When I trained, Bloom’s taxonomy was everywhere. Personally, I haven’t really paid it much attention in quite a while, but I was reminded recently that it is still used extensively in a wide range of teaching and learning contexts. Issues with Bloom’s have received fairly thorough public airings, with both Doug Lemov and David Didau outlining some problems and presenting their own taxonomies, complete with snazzy graphics (1).
These critiques focus on issues of knowledge and transferability – namely disputing proponents who argue that spending time “analysing” in a lesson improves students’ general skills of analysis (please also make sure to see (3) below).

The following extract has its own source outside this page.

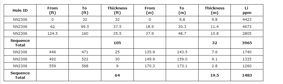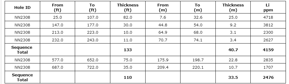 Greg Reimer, chief executive officer and director, commented: "Today's diamond drilling results, combined with previous sonic and RC results, are starting to outline a large volume of greater than 4,000 ppm Li within our upper clay horizon at the NNLP. Additionally, the deeper mineralization intersected in NN2308 is promising; it validates our interpretations and provides a critical exploration target in tracing this mineralization up dip to the east, where it is expected to approach the surface. Finally, the twinning of NN2208 bolsters our confidence in the assay results from the 2022 reverse circulation drilling. We look forward to following up these exciting results in the future."

Those critiques are important and, to my mind, absolutely in line with the evidence from cognitive science. Here, I want to focus on a different aspect of Bloom’s: the way that it can be used to increase challenge in a lesson. The idea here is to associate the different levels of Bloom’s with different command words, and that the different command words can be used to frame questions and alter their level of difficulty or challenge.
Before I get accused of making stuff up, I’d really recommend you click through to this simple Google search. There are tons of websites, blogs and academic articles all revolving around the simple idea: using command words from higher up the pyramid provokes deeper thought, higher order thinking and cognitive challenge.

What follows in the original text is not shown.